Die Teile des Leitfadens greifen Informationen aus verschiedenen Leitfäden und Handbüchern der ECHA auf, die zum Teil nur in Englisch vorliegen. Dabei wurde darauf geachtet, nur die Informationen in verständlicher Art und Weise zusammenzufassen, die für die Registrierung der von der Registrierungspflicht betroffenen Chemikalien von Belang sind.

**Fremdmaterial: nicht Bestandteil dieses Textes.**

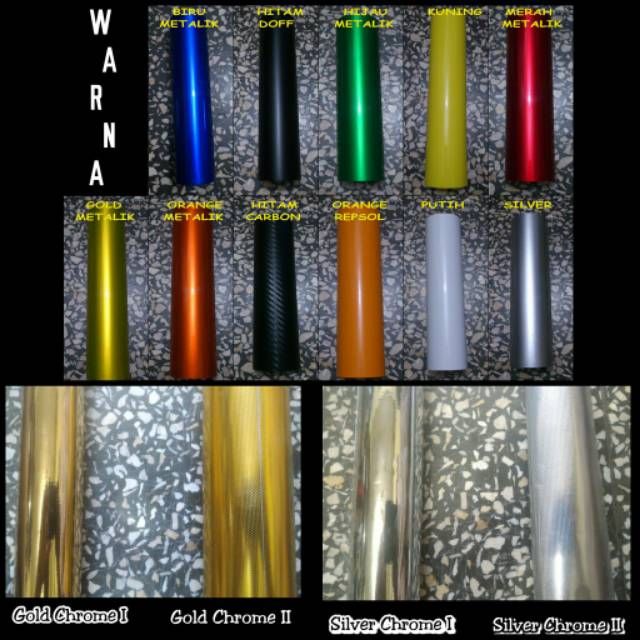Gold Chrome, Hitam kilap, Biru metalik, Hitam carbon, Merah metalik, Jalu As Roda, Silver metalik, Hitam doff, Gold metalik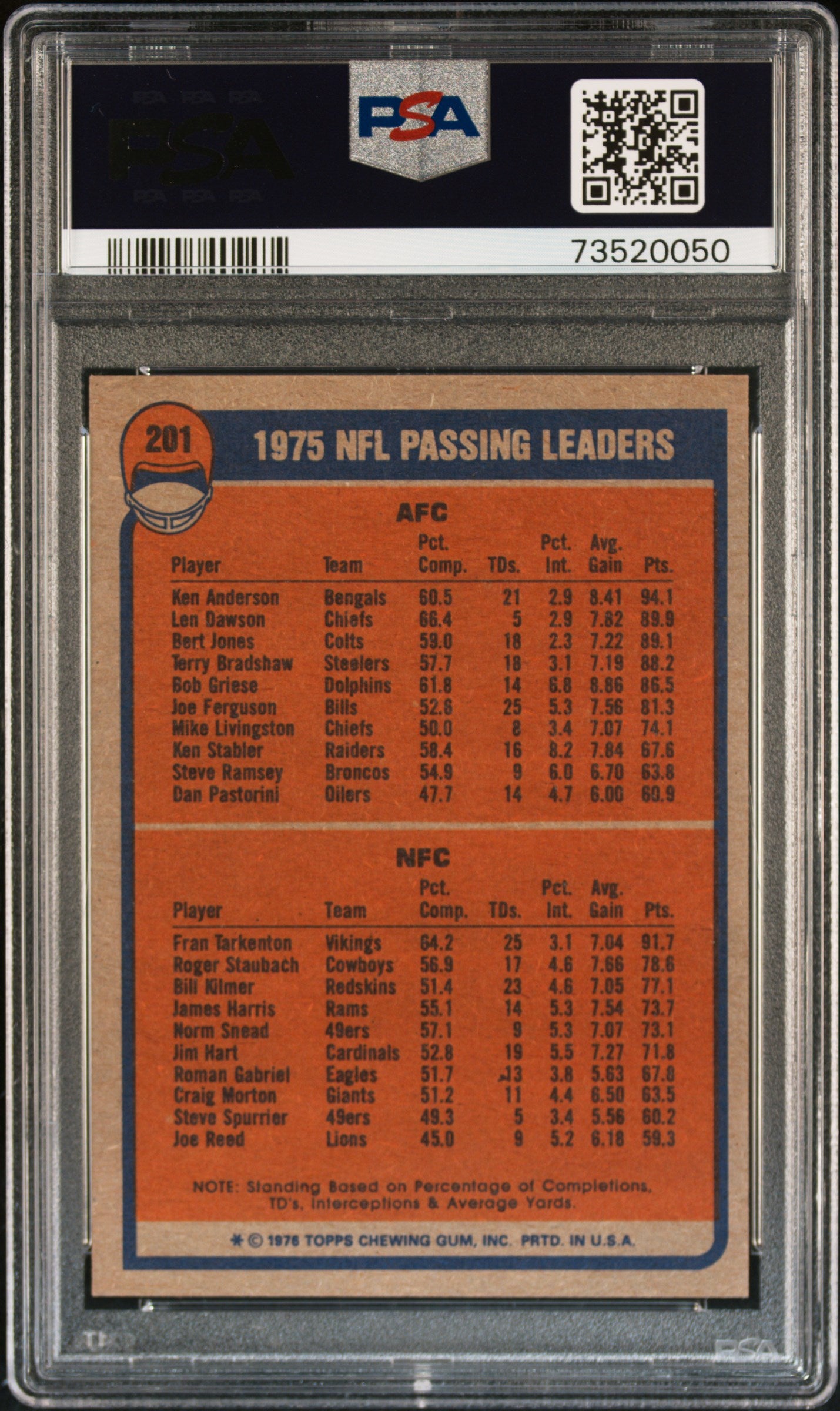 1976 Topps Football Passing Leaders #201 Psa 8 73520050

Der Schwerpunkt des jetzt vorliegenden Leitfadens Teil A liegt auf den praktischen Anforderungen für die Erstellung eines Dossiers, und hier insbesondere auf den Vorarbeiten. Wie erfolgt beispielsweise eine Anmeldung in REACH-IT? Wie muss ein Stoff unter REACH identifiziert werden? Wie hängen die Vorarbeiten mit der Erstellung des Dossiers in IUCLID zusammen? Der Leitfaden befasst sich nicht mit grundsätzlichen Fragen und Aussagen zum europäischen Chemikalienrecht REACH. Betroffene Unternehmen sollten sich darüber bereits im Vorfeld informieren.

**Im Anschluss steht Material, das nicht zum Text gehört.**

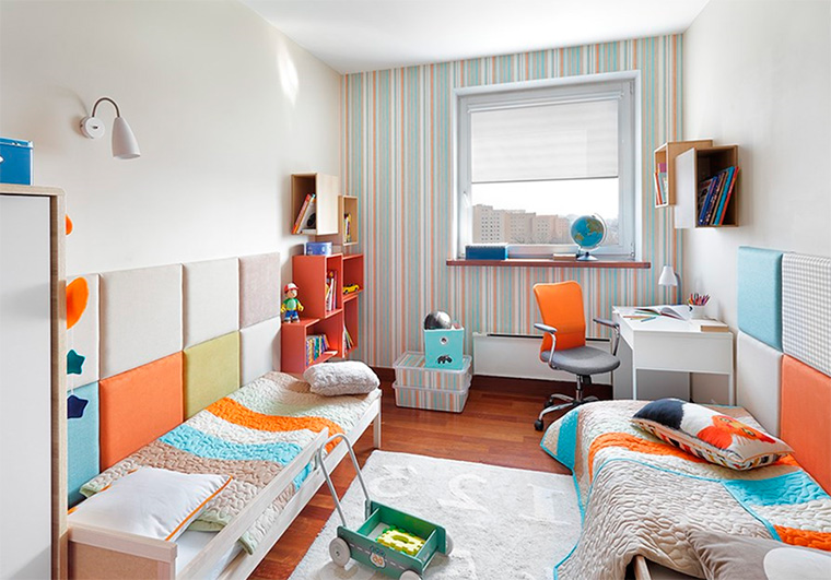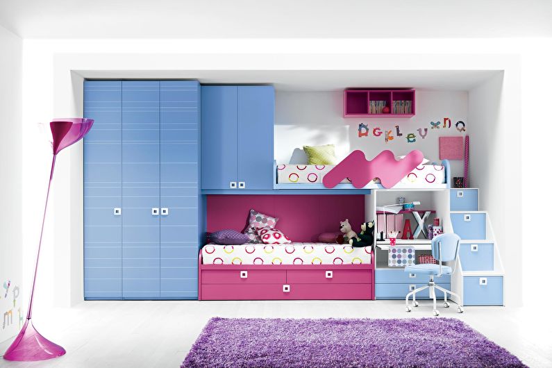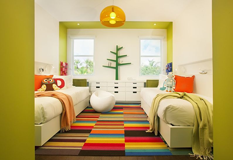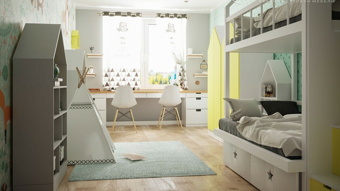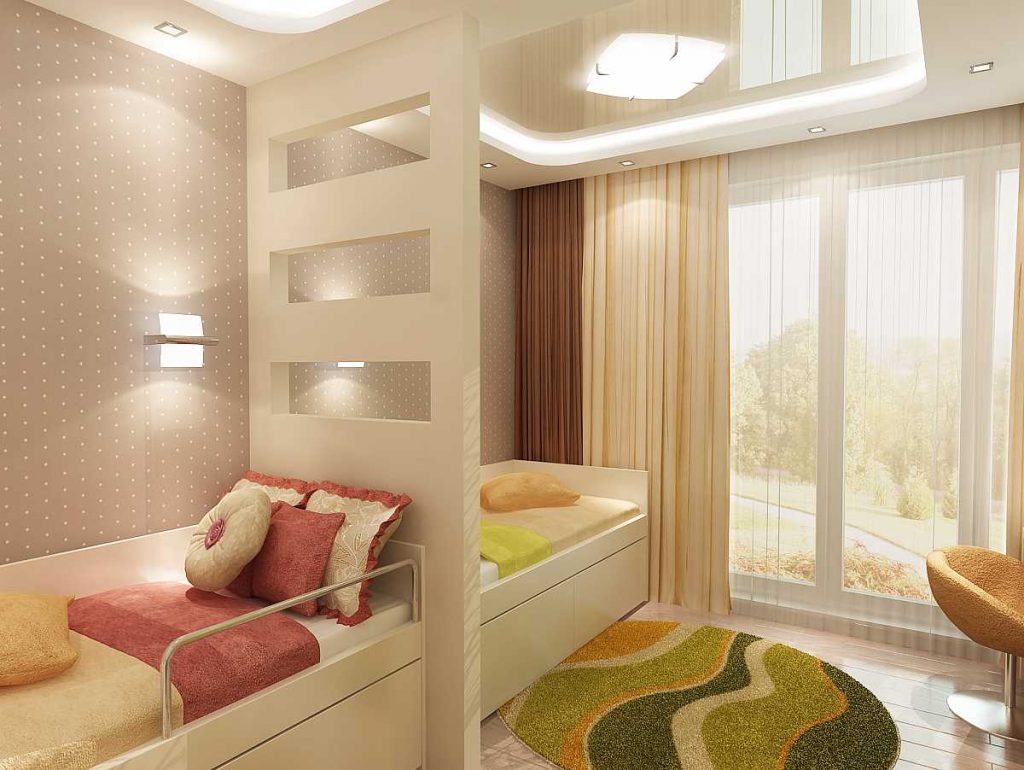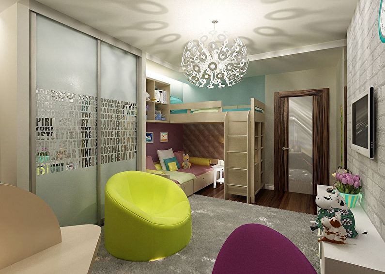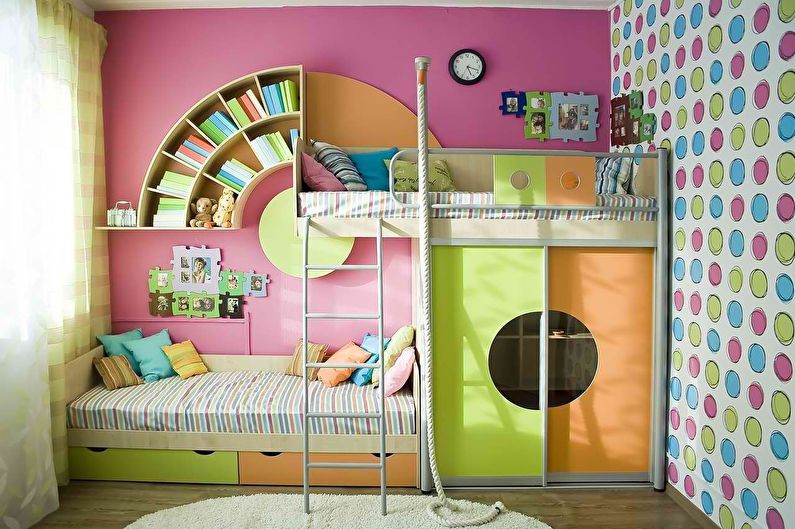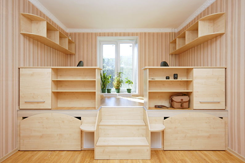Si l'appartement est petit, les familles avec deux enfants équipent dans la plupart des cas une pièce. Un point important dans ce cas est l'acquisition de meubles compacts et fonctionnels. Il ne prendra pas beaucoup de place, mais il est utilisé par deux enfants. Chaque enfant a besoin d'une zone distincte pour ne pas ressentir d'inconfort et, si nécessaire, être dans son propre espace.

Den Registrierungsleitfaden Teil A gibt es im PDF-Format zum Herunterladen unter www.baua.de/de/Publikationen/Fachbeitraege/REACH-A.html.

Forschung für Arbeit und Gesundheit

Sichere und gesunde Arbeitsbedingungen stehen für sozialen Fortschritt und eine wettbewerbsfähige Wirtschaft. Die Bundesanstalt für Arbeitsschutz und Arbeitsmedizin (BAuA) forscht und entwickelt im Themenfeld Sicherheit und Gesundheit bei der Arbeit, fördert den Wissenstransfer in die Praxis, berät die Politik und erfüllt hoheitliche Aufgaben - im Gefahrstoffrecht, bei der Produktsicherheit und mit dem Gesundheitsdatenarchiv. Die BAuA ist eine Ressortforschungseinrichtung im Geschäftsbereich des Bundesministeriums für Arbeit und Soziales. Über 650 Beschäftigte arbeiten an den Standorten in Dortmund, Berlin und Dresden sowie in der Außenstelle Chemnitz.